** Data **
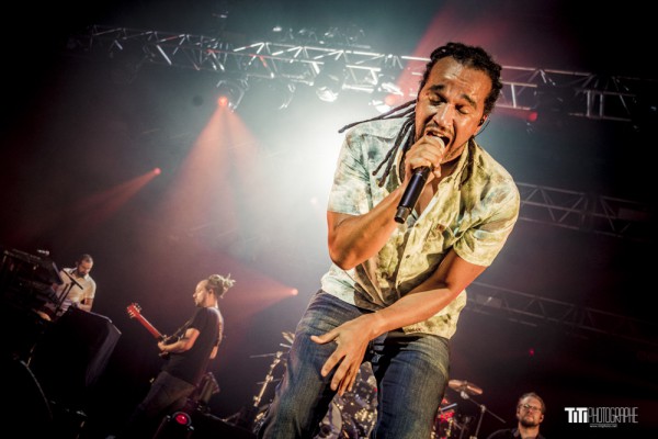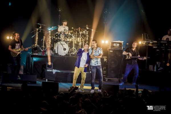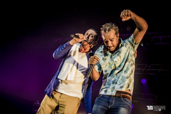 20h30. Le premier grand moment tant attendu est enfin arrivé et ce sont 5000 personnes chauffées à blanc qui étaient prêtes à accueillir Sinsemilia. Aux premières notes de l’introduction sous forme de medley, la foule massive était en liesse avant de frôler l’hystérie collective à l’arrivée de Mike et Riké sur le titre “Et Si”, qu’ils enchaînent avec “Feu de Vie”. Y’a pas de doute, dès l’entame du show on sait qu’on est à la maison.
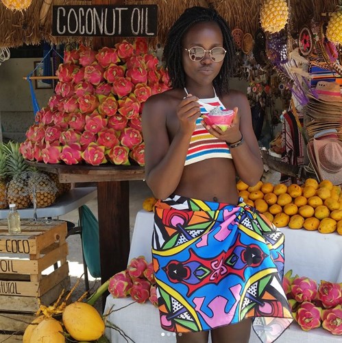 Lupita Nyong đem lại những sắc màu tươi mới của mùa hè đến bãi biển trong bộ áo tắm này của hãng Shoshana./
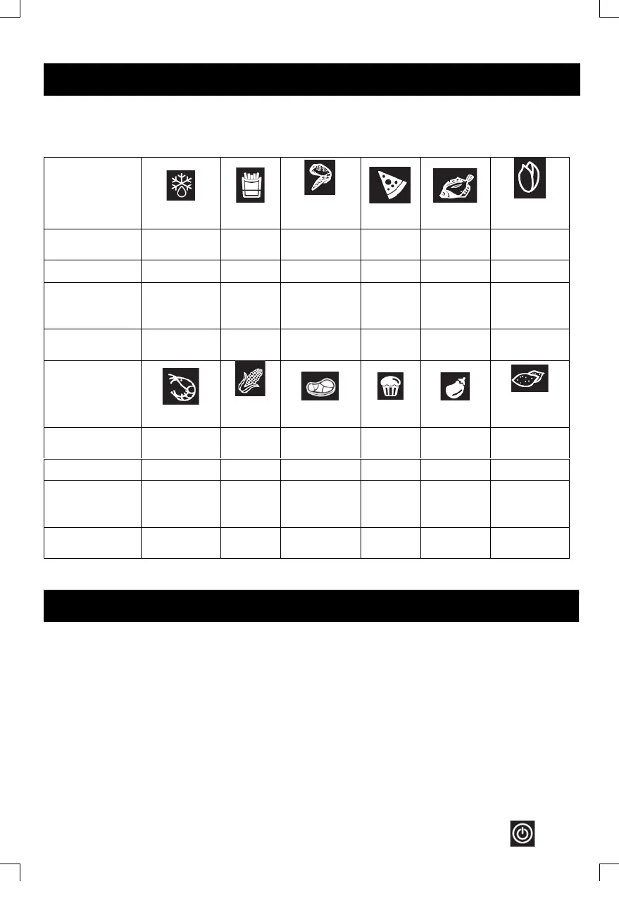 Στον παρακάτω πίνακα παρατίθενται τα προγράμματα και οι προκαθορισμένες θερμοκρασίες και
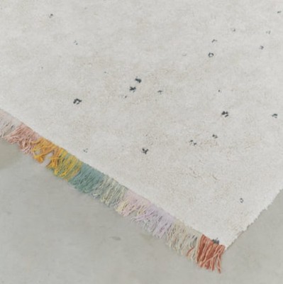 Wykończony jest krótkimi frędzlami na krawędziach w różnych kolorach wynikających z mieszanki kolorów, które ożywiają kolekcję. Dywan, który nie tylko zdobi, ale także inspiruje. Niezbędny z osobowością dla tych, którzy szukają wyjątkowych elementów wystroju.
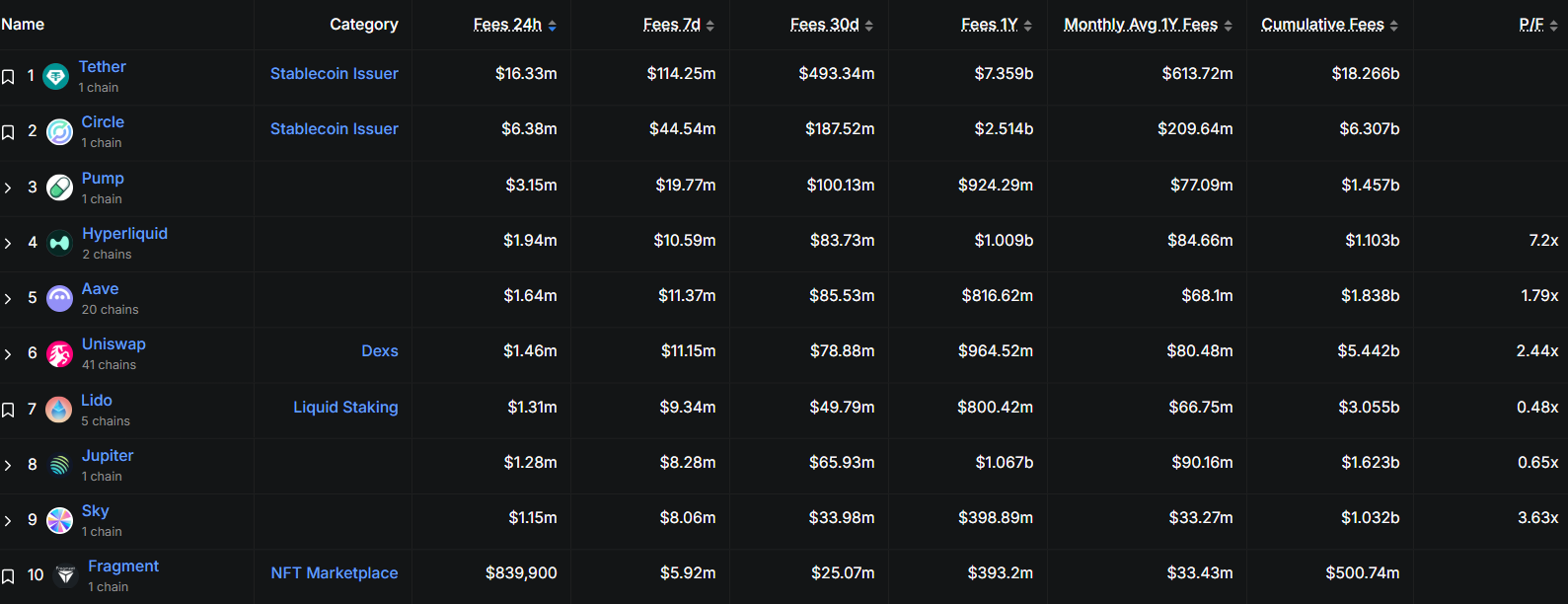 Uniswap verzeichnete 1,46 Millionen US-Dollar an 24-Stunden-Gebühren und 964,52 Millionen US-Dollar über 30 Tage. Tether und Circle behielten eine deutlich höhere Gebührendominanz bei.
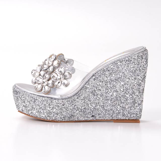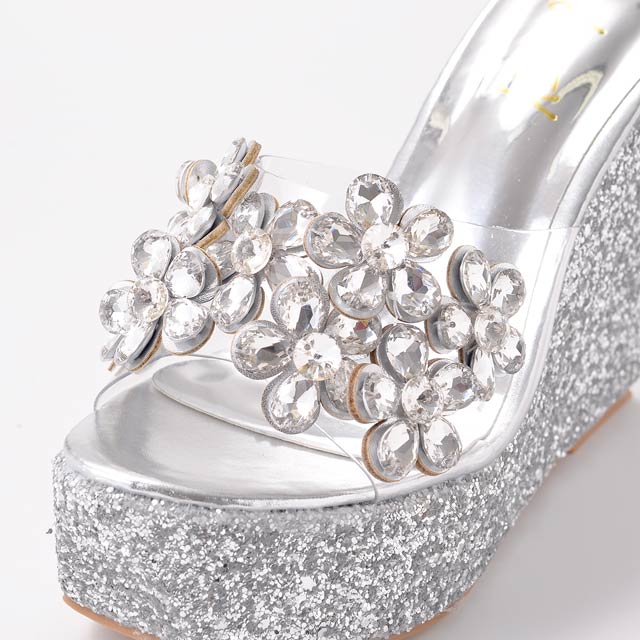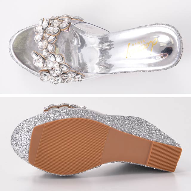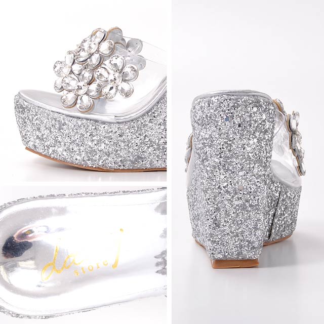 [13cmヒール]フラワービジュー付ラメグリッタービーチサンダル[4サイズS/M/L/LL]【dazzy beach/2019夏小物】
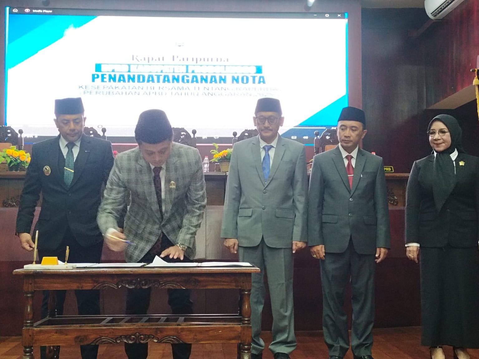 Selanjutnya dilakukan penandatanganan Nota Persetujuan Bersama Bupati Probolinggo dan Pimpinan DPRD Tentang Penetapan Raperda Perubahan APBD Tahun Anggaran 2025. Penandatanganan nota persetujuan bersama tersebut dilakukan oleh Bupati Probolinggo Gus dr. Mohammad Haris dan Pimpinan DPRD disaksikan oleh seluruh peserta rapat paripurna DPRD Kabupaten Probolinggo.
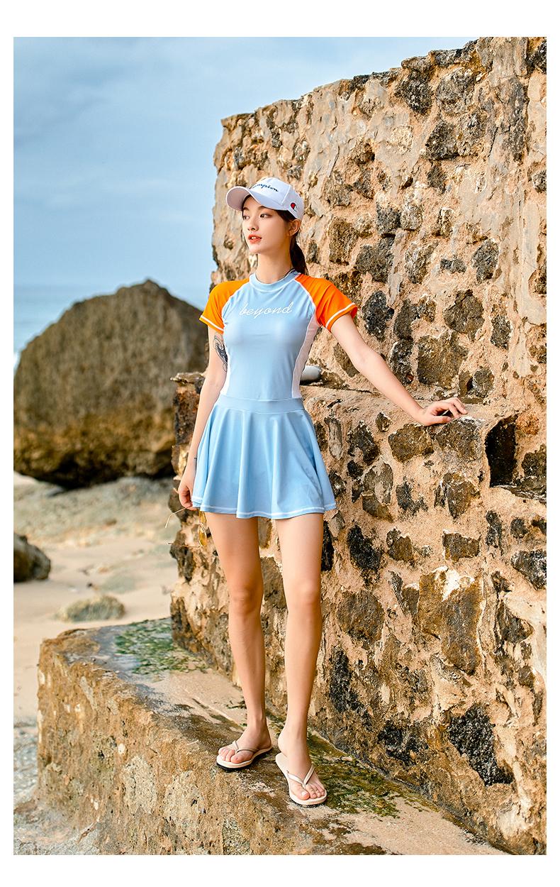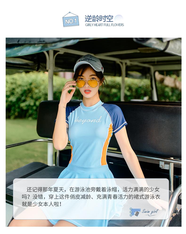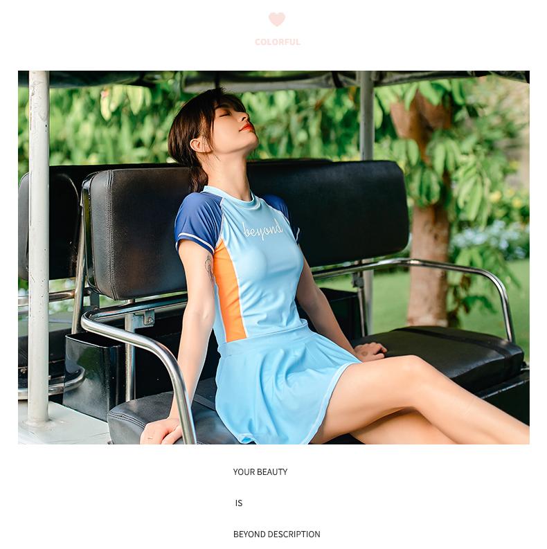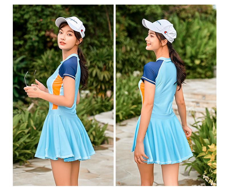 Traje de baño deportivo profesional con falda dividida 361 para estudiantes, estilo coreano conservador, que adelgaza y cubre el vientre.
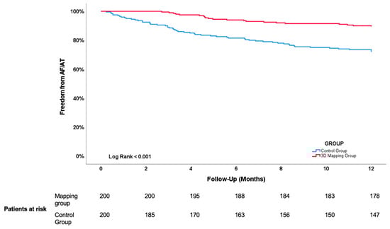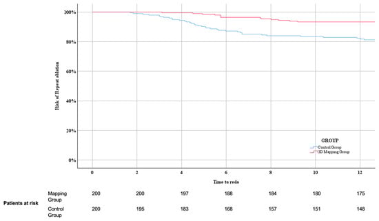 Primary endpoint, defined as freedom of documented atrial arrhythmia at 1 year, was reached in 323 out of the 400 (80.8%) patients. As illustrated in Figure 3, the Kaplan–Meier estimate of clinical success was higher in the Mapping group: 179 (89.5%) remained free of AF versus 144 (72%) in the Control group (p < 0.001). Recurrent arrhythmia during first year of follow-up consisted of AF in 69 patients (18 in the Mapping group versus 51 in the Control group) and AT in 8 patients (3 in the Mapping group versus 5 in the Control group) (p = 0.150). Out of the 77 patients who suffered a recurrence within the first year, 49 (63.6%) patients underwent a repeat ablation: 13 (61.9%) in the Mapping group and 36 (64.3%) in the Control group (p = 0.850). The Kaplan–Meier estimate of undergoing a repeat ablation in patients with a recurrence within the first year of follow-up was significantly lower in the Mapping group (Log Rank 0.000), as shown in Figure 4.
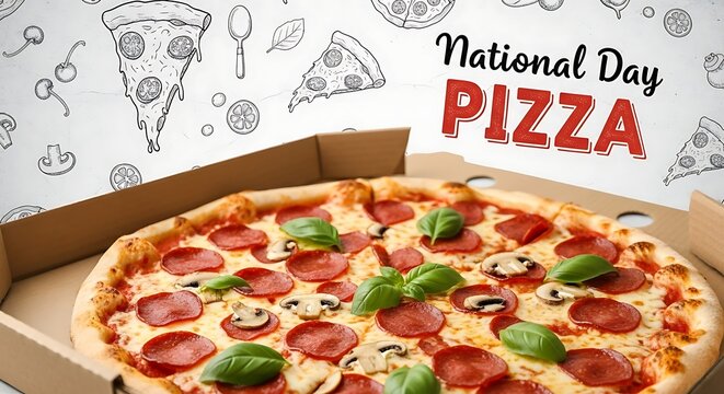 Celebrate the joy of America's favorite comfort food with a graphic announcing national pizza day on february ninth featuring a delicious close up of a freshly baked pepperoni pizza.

** What the task requires **
Without the pictures, write out every entry exactly as it appears.

** Answer area **
 20h30. Le premier grand moment tant attendu est enfin arrivé et ce sont 5000 personnes chauffées à blanc qui étaient prêtes à accueillir Sinsemilia. Aux premières notes de l’introduction sous forme de medley, la foule massive était en liesse avant de frôler l’hystérie collective à l’arrivée de Mike et Riké sur le titre “Et Si”, qu’ils enchaînent avec “Feu de Vie”. Y’a pas de doute, dès l’entame du show on sait qu’on est à la maison.
 Lupita Nyong đem lại những sắc màu tươi mới của mùa hè đến bãi biển trong bộ áo tắm này của hãng Shoshana./
 Στον παρακάτω πίνακα παρατίθενται τα προγράμματα και οι προκαθορισμένες θερμοκρασίες και
 Wykończony jest krótkimi frędzlami na krawędziach w różnych kolorach wynikających z mieszanki kolorów, które ożywiają kolekcję. Dywan, który nie tylko zdobi, ale także inspiruje. Niezbędny z osobowością dla tych, którzy szukają wyjątkowych elementów wystroju.
 Uniswap verzeichnete 1,46 Millionen US-Dollar an 24-Stunden-Gebühren und 964,52 Millionen US-Dollar über 30 Tage. Tether und Circle behielten eine deutlich höhere Gebührendominanz bei.
 [13cmヒール]フラワービジュー付ラメグリッタービーチサンダル[4サイズS/M/L/LL]【dazzy beach/2019夏小物】
 Selanjutnya dilakukan penandatanganan Nota Persetujuan Bersama Bupati Probolinggo dan Pimpinan DPRD Tentang Penetapan Raperda Perubahan APBD Tahun Anggaran 2025. Penandatanganan nota persetujuan bersama tersebut dilakukan oleh Bupati Probolinggo Gus dr. Mohammad Haris dan Pimpinan DPRD disaksikan oleh seluruh peserta rapat paripurna DPRD Kabupaten Probolinggo.
 Traje de baño deportivo profesional con falda dividida 361 para estudiantes, estilo coreano conservador, que adelgaza y cubre el vientre.
 Primary endpoint, defined as freedom of documented atrial arrhythmia at 1 year, was reached in 323 out of the 400 (80.8%) patients. As illustrated in Figure 3, the Kaplan–Meier estimate of clinical success was higher in the Mapping group: 179 (89.5%) remained free of AF versus 144 (72%) in the Control group (p < 0.001). Recurrent arrhythmia during first year of follow-up consisted of AF in 69 patients (18 in the Mapping group versus 51 in the Control group) and AT in 8 patients (3 in the Mapping group versus 5 in the Control group) (p = 0.150). Out of the 77 patients who suffered a recurrence within the first year, 49 (63.6%) patients underwent a repeat ablation: 13 (61.9%) in the Mapping group and 36 (64.3%) in the Control group (p = 0.850). The Kaplan–Meier estimate of undergoing a repeat ablation in patients with a recurrence within the first year of follow-up was significantly lower in the Mapping group (Log Rank 0.000), as shown in Figure 4.
 Celebrate the joy of America's favorite comfort food with a graphic announcing national pizza day on february ninth featuring a delicious close up of a freshly baked pepperoni pizza.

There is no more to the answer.